** Your instructions **
Everything from the line containing "Stellplatz, Garten, Küche" to the end of the listing, both included, should be returned exactly, apart from the pictures.

** Dataset **
---------------
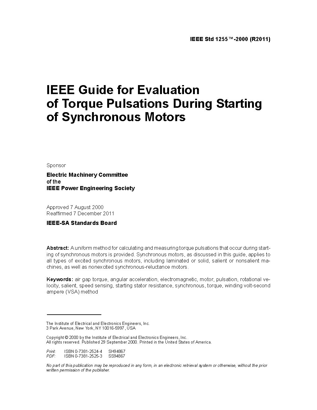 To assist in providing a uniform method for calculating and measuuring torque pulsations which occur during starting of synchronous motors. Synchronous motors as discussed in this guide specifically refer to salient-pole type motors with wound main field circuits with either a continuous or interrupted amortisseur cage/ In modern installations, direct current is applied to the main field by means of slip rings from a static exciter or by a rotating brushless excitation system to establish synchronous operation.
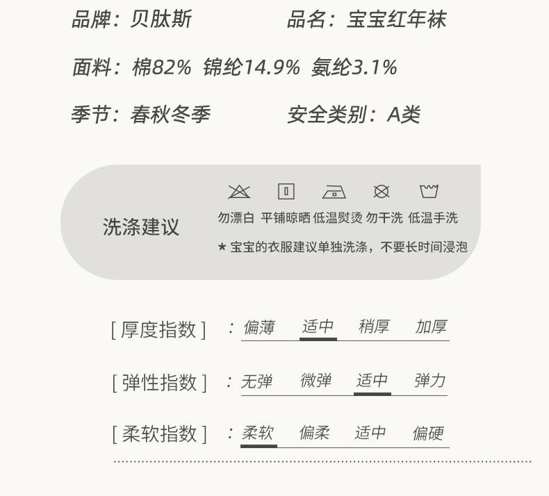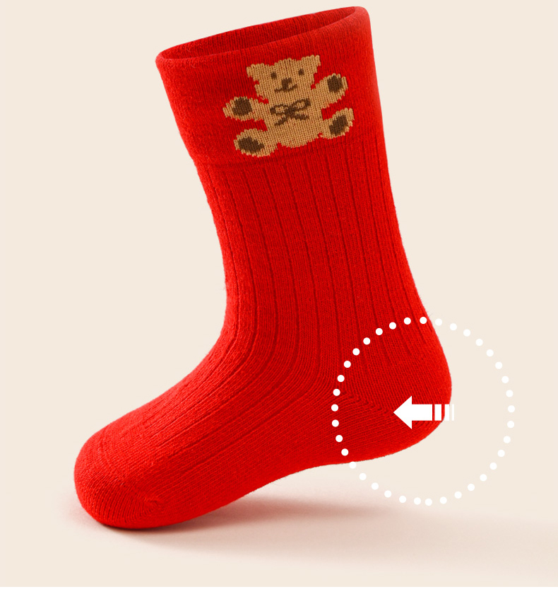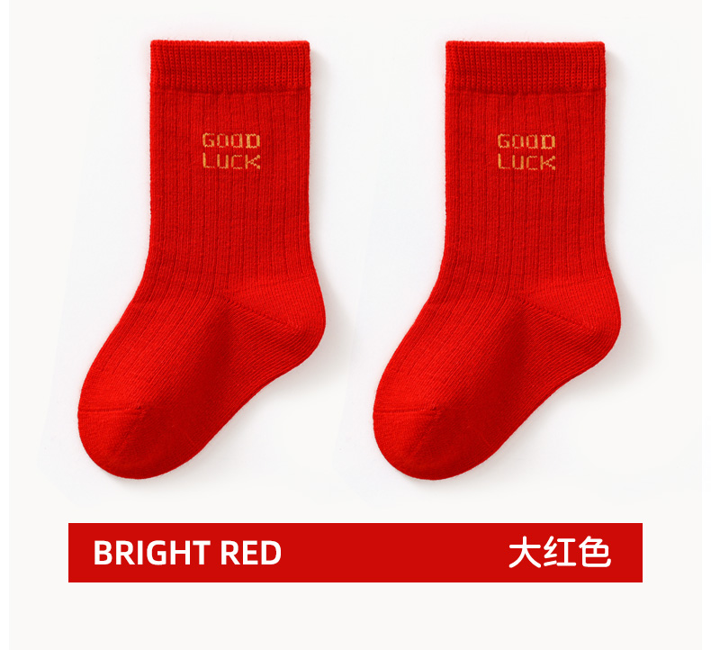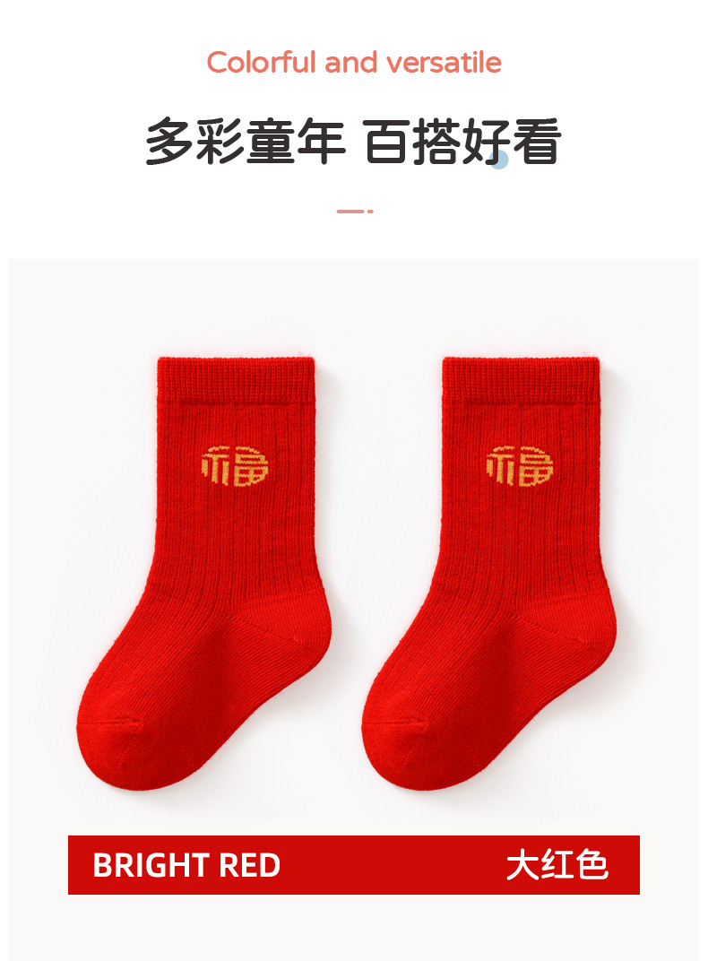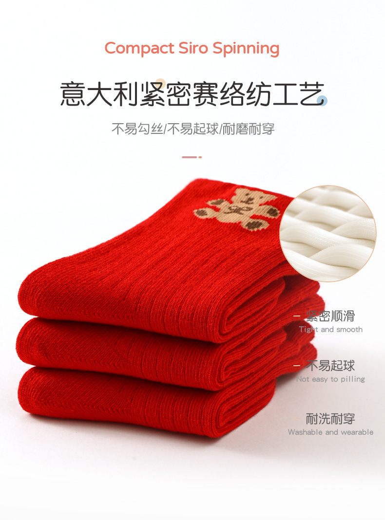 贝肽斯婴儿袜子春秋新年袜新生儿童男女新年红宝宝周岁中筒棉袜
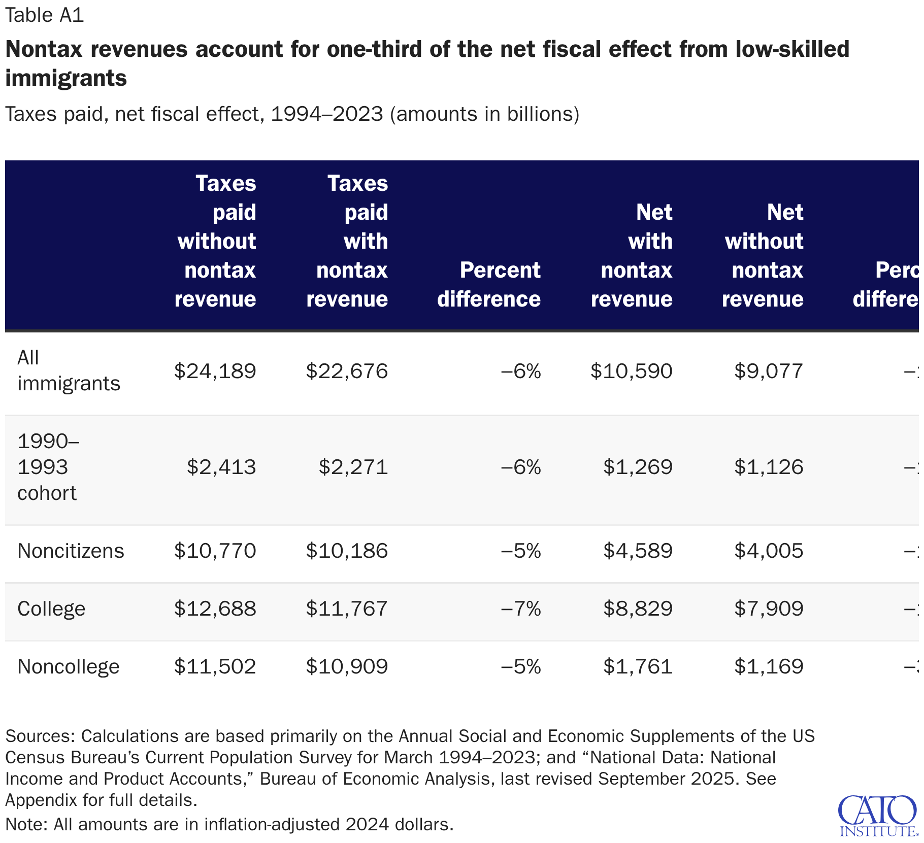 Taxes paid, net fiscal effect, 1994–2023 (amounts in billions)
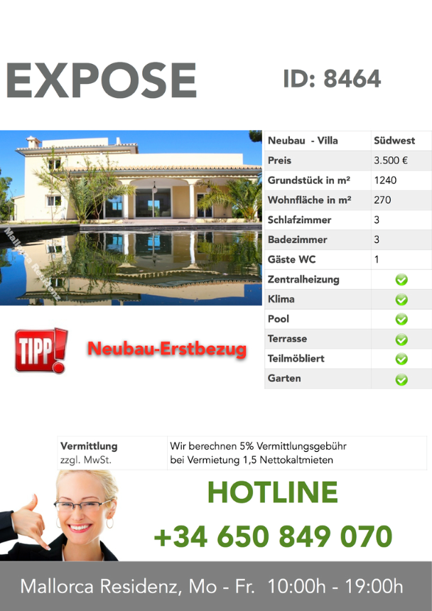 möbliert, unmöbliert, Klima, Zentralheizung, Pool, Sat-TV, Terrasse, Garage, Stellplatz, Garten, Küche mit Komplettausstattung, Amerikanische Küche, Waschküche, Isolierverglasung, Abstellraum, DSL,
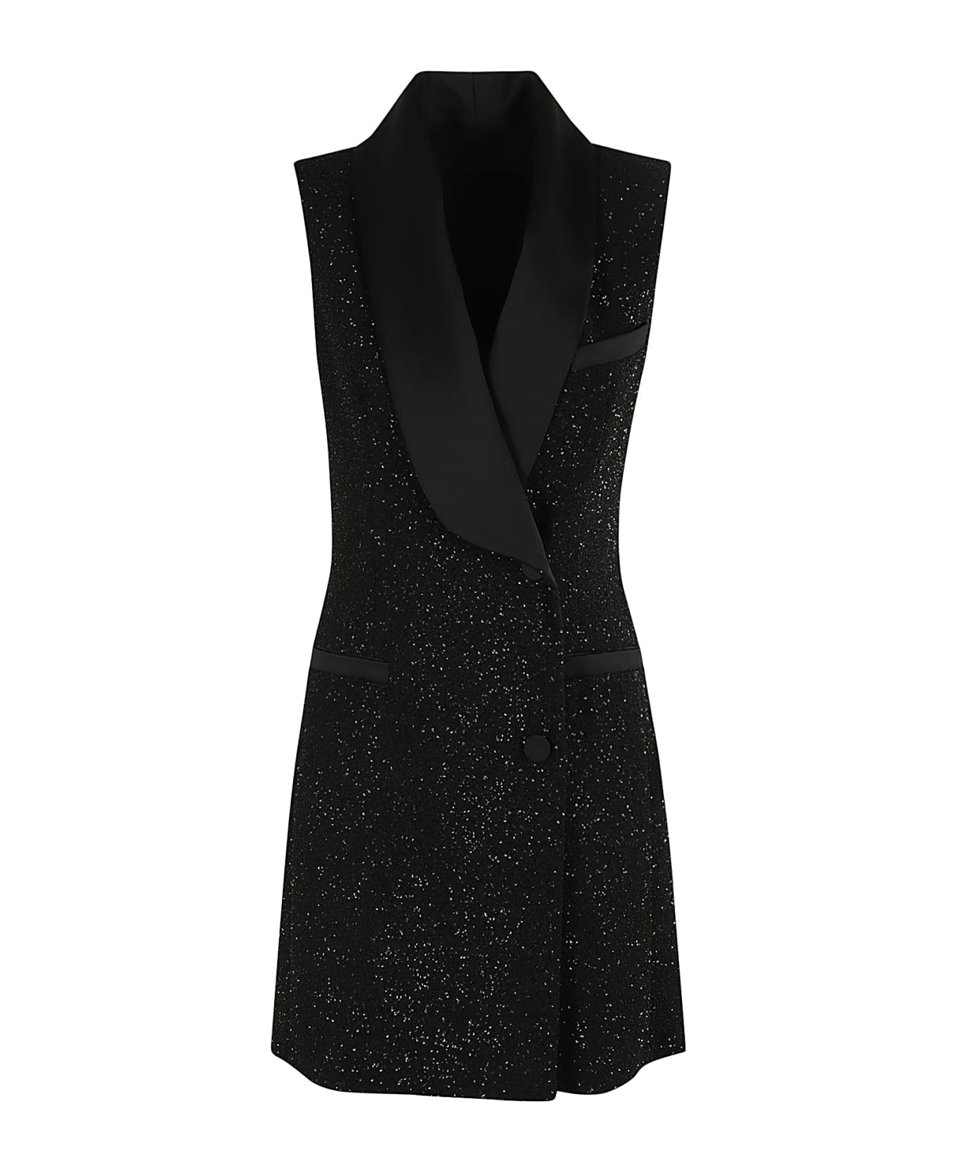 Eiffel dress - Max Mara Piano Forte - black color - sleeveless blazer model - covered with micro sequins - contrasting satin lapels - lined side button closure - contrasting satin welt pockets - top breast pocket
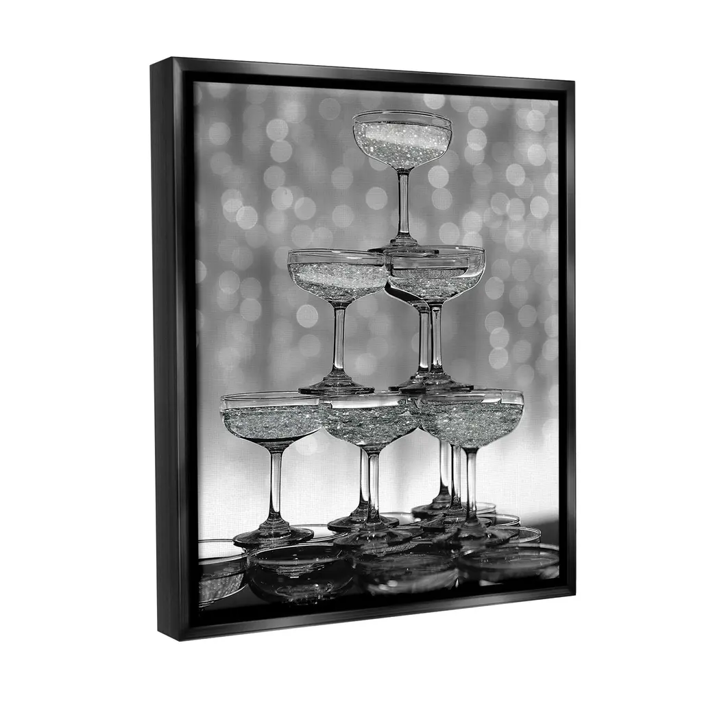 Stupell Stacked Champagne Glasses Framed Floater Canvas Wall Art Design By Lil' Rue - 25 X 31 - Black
---------------
** Finished task **
 möbliert, unmöbliert, Klima, Zentralheizung, Pool, Sat-TV, Terrasse, Garage, Stellplatz, Garten, Küche mit Komplettausstattung, Amerikanische Küche, Waschküche, Isolierverglasung, Abstellraum, DSL,
 Eiffel dress - Max Mara Piano Forte - black color - sleeveless blazer model - covered with micro sequins - contrasting satin lapels - lined side button closure - contrasting satin welt pockets - top breast pocket
 Stupell Stacked Champagne Glasses Framed Floater Canvas Wall Art Design By Lil' Rue - 25 X 31 - Black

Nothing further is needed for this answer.